Social networks | Ecological networks | Information networks | Constellation line figures | AI ethics

Social networks: influence and network location

Among the many methods for influence maximisation, we were among the first to propose metaheuristics based on evolutionary algorithms: single-objective (2016), then multi-objective (2017, best paper award). This was followed by more efficient fitness functions and genetic operators, and a method using the downscaling of communities (2022) which drastically scales up the case studies if the network is modular. These metaheuristics lack explainability of the results: it is not clear why a certain network node has good spreading ability, by itself or in a group. Some explanations could be found for single influencers by linking models of influence diffusion with network statistics: one's influence can be predicted well by combinations of node centrality metrics first in small synthetic networks (2020), then also in large empirical networks (2020), and there is some common pattern of influential network positions across networks. I gave a keynote on this topic at Parallel Problem Solving from Nature (PPSN 2022, slides). (Image: network of Facebook pages with top influencers marked.)

Network of Facebook pages with top influencers marked

Ecological networks: from co-occurrence to functional models

In the SoilProS NWO Perspectief project we aim to learn functional (or: causal) ecological networks over soil biotics (species), abiotics (physico-chemical properties), management, and interventions. The input is: observational and interventional data, plus domain knowledge. This is challenging, because (1) the organisms are microscopic, so their interactions cannot be observed accurately, and (2) there are thousands of taxa, so we must first reduce dimensionality by learning functional groups of taxa. Ultimately, we aim to optimise interventions to best restore and stabilise the biology of the soil. (Image: correlation network of soil fungal species.)

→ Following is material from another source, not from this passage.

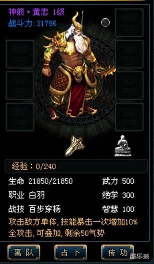 战能:百步穿杨,攻击敌方单体,技能暴击一次增加10%全体攻击,可叠加,剩余50士气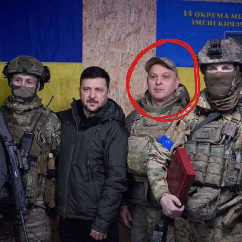 На фото біля Зеленського скористався можливістю прилаштуватися ніхто інший, як відомий харківський бандит, рейдер Олег «Испанец» Черкашин, який наразі освоївся в горезвісній 14-й бригаді. «Испанец» працював під «дахом» Харківського «Опозиційного блоку», проросійської партії, спадкоємиці «Партії регіонів», – пише нардепка Марʼяна Безугла.

We contribute to science as follows. EleMi (CompleNet 2024 and the authors' accepted version), is a new method (still correlational) to infer spatial co-occurrence networks. To better find the community structure, EleMi does not compute pairwise interactions, but does multi-regression with shared parameters. It is more robust and provides clearer community structure than the existing methods. Then, gFlora (BIOKDD 2024) learns functional co-response groups: groups of taxa whose total co-response effect associates well with a soil function. The novelty is in using the spatial co-occurrence network of taxa as well as the abundance of the biota, such that taxa with sparse abundance (but which does co-occur in the network, so may have important roles in the functional group) is also considered. To validate how far co-occurrence networks are from the reality of soil biota as seen from soil samples, we also developed a soil simulator. Here are slides from the Netherlands Soil Ecology conference (Oct 2024), which show the limitations of modelling soil with co-occurrence networks, how valid these are, and how we can move towards learning functional networks.

Correlation network of fungi species in soil

Information networks: predictive models of human and machine behaviour

Books form networks by their readers' co-buying habits. This provides information about readers: they are expected to prefer authors of their own gender, but how large is the bias, and with what consequences? In Gender homophily in online book networks (Information Sciences, 2019), I find that author gender assortativity reaches 0.50 : gender segregation is present, but not uniform: it is stronger in certain genres. Since female authors are a minority (33% of all authors), readers (likely female) with a positive bias to female authors end up reading equally from both genders; readers with a bias against female authors end up reading on median only 10-11% female authors. I gave a keynote on such intangible information networks at Network Traffic Measurement and Analysis (TMA 2022, slides). (Image: A community of books on sale on Amazon.com.)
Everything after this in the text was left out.